▶ [Task statement]
Starting at the line with "Maximiliano Cobas, quien", return every line through the final one of the data, word for word. Pictures stay out.

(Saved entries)
Start of Block
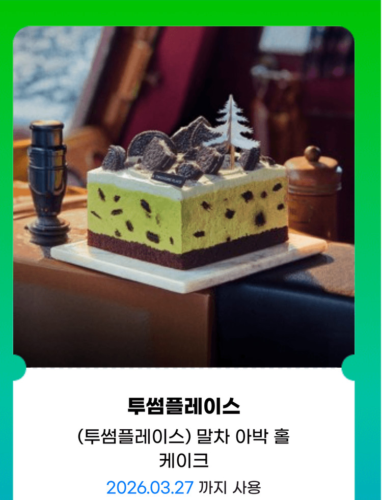개인정보(거래정보)를 주고받는 행위는 사기에 노출될 수 있으므로 즉시 중고나라로 신고해 주세요투썸플레이스 35000원 기프티콘 말차 아박 홀케이크 제품대신 다른상품으로 대체사용가능합니다 3월27일까지 사용기한있구요 입금확인후 문자나 이메일 편하신매체로 기프티콘사진 보내드립니다.
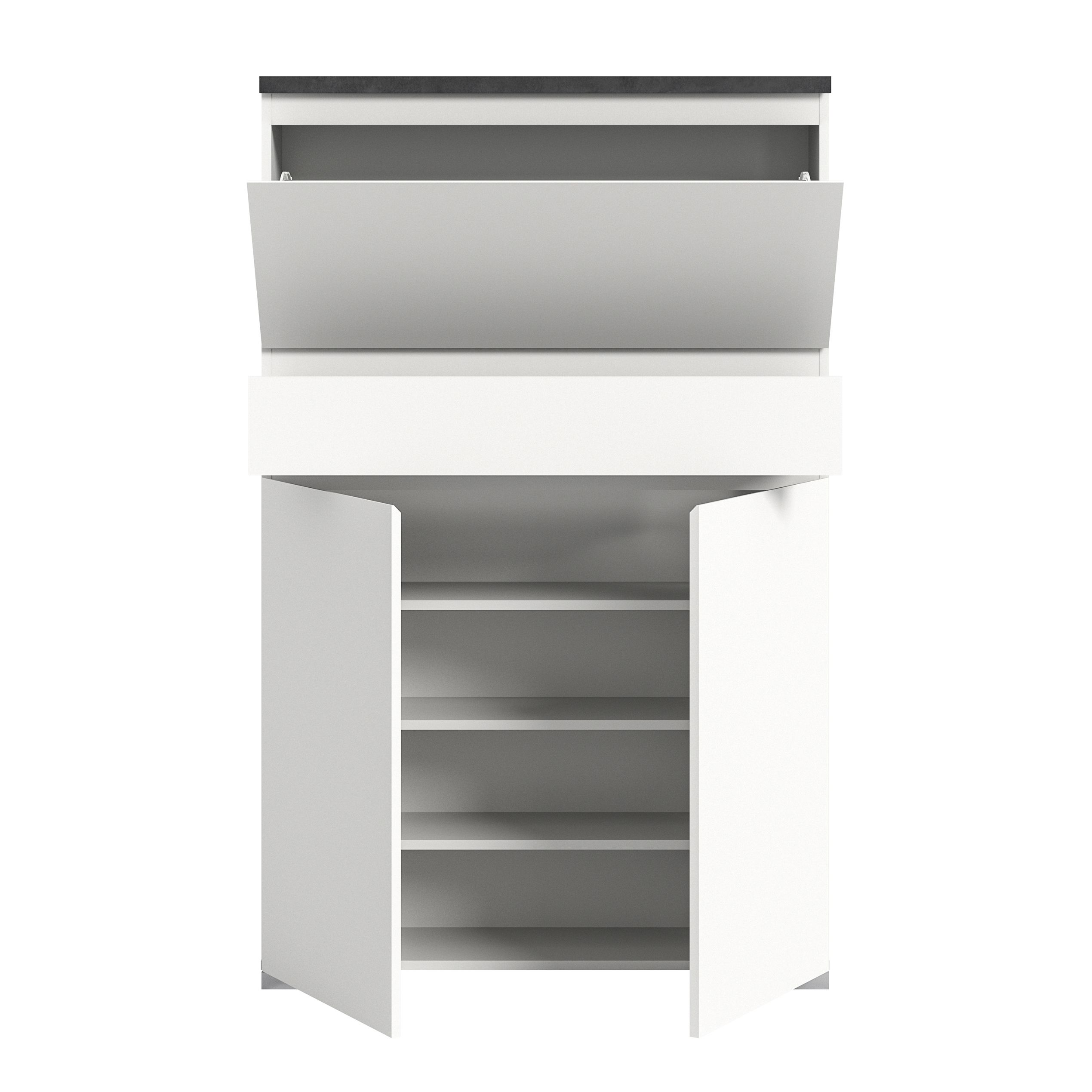 In unserer HADERO Serie präsentieren wir einen kombinierbaren Schuhschrank in stilvollem und zeitlosem Weiß mit einem grauen Oberboden, der deinem Eingangsbereich einen modernen Touch verleiht. Mit seiner vielseitigen Gestaltung kannst du ihn nach deinen Bedürfnissen anpassen und so deine Schuhsammlung stilvoll organisieren. Entdecke die perfekte Symbiose aus Funktionalität und Design mit diesem flexiblen Schuhschrank.
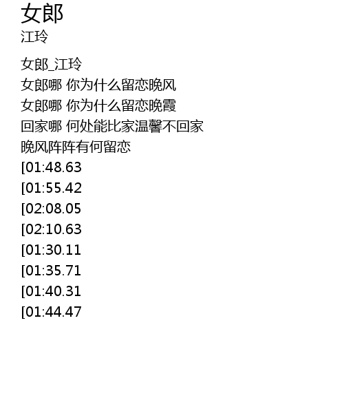 | [03:01.41][01:55.42][01:08.06] | nǚ láng nǎ nǐ wèi shí me liú liàn hǎi àn bù huí jiā |
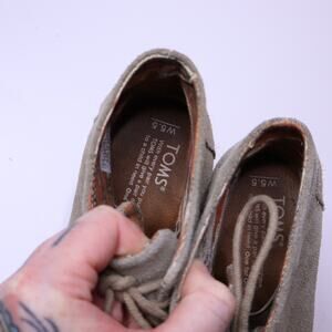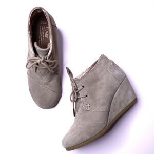 TOMS Desert Ankle Wedge Bootie Taupe Suede Ankle Round Toe Lace Up Women's 5.5
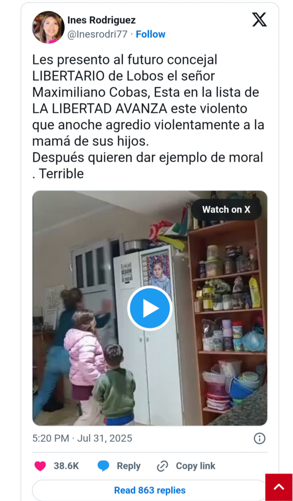 Maximiliano Cobas, quien ocupaba el quinto lugar en la lista de concejales titulares de La Libertad Avanza en Lobos, renunció a su candidatura tras la difusión de un video que lo muestra ejerciendo violencia de género y familiar. El hecho, que tomó repercusión pública a través de redes sociales, derivó en una denuncia penal, su imputación judicial y medidas de protección para la víctima.
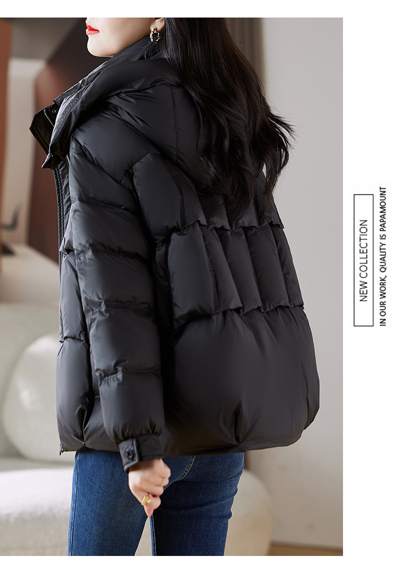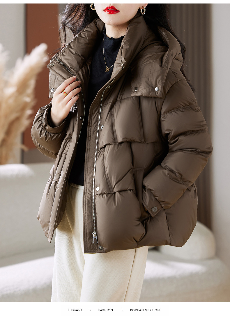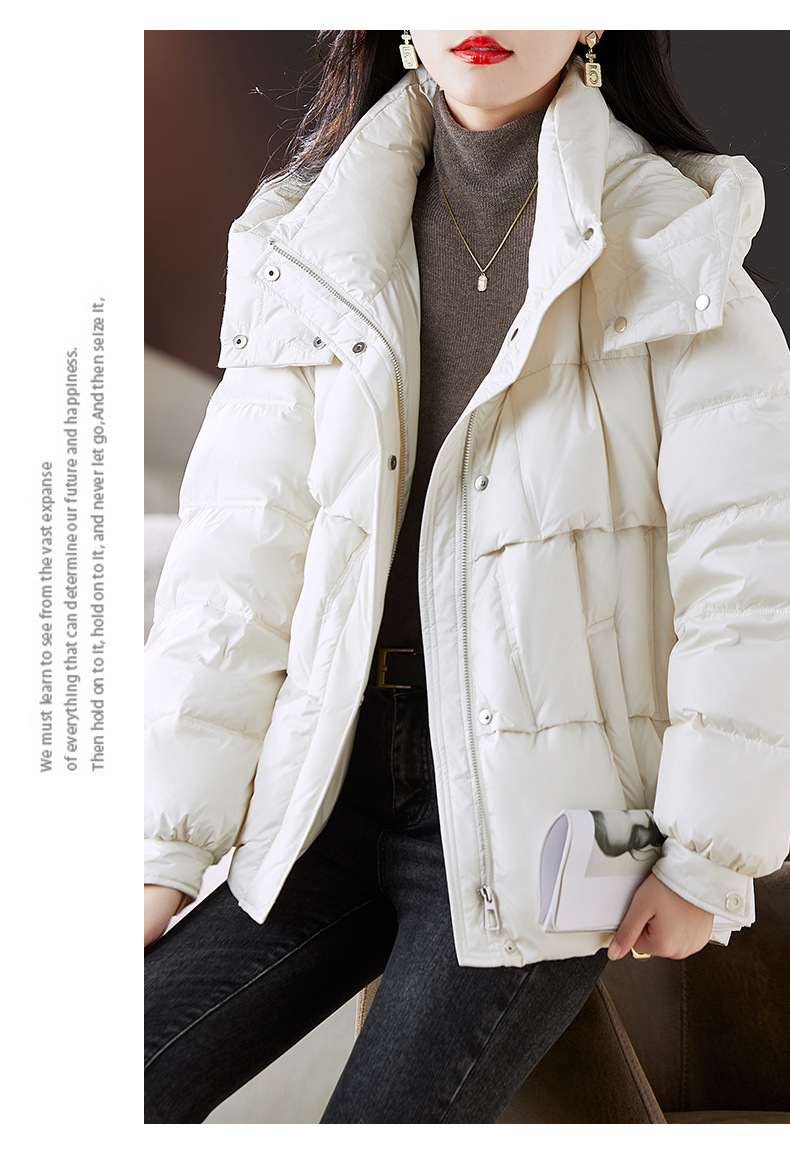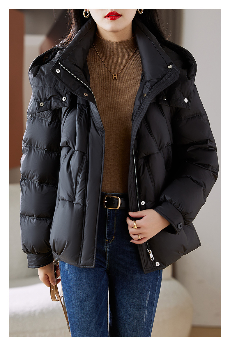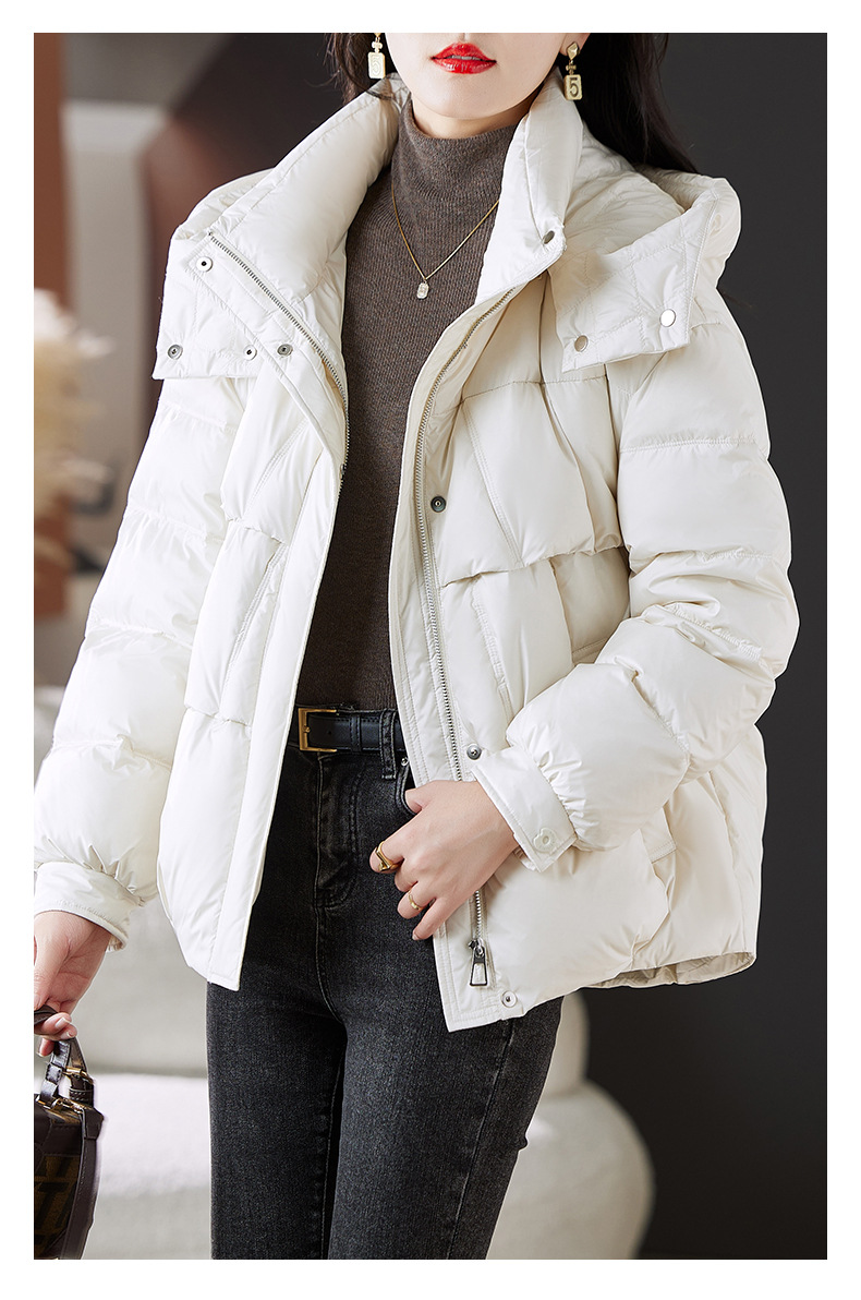 Áo khoác dáng ngắn dành cho mùa lạnh, có mũ trùm tiện lợi. Sản phẩm được làm từ chất liệu lông vũ với lớp bông dày đặc, giữ ấm hiệu quả. Kiểu dáng trẻ trung, phù hợp với nhiều hoàn cảnh sử dụng. Có thể kết hợp cùng quần jeans hoặc váy để tạo vẻ ngoài năng động. Dễ dàng giặt sạch và bảo quản theo hướng dẫn thông thường. | Tên sản phẩm: Áo Khoác Nữ Mũ Liền Dày Ấm Hàng Mùa Xuân Thu Đông - Thời Trang Nữ | Mã sản phẩm: L2913 - Giá: 4.440.000đ | Mã nhà sản xuất: HADA-G06Hình ảnh sản phẩm
End of Block
▶ [Answer to this task]
 Maximiliano Cobas, quien ocupaba el quinto lugar en la lista de concejales titulares de La Libertad Avanza en Lobos, renunció a su candidatura tras la difusión de un video que lo muestra ejerciendo violencia de género y familiar. El hecho, que tomó repercusión pública a través de redes sociales, derivó en una denuncia penal, su imputación judicial y medidas de protección para la víctima.
 Áo khoác dáng ngắn dành cho mùa lạnh, có mũ trùm tiện lợi. Sản phẩm được làm từ chất liệu lông vũ với lớp bông dày đặc, giữ ấm hiệu quả. Kiểu dáng trẻ trung, phù hợp với nhiều hoàn cảnh sử dụng. Có thể kết hợp cùng quần jeans hoặc váy để tạo vẻ ngoài năng động. Dễ dàng giặt sạch và bảo quản theo hướng dẫn thông thường. | Tên sản phẩm: Áo Khoác Nữ Mũ Liền Dày Ấm Hàng Mùa Xuân Thu Đông - Thời Trang Nữ | Mã sản phẩm: L2913 - Giá: 4.440.000đ | Mã nhà sản xuất: HADA-G06Hình ảnh sản phẩm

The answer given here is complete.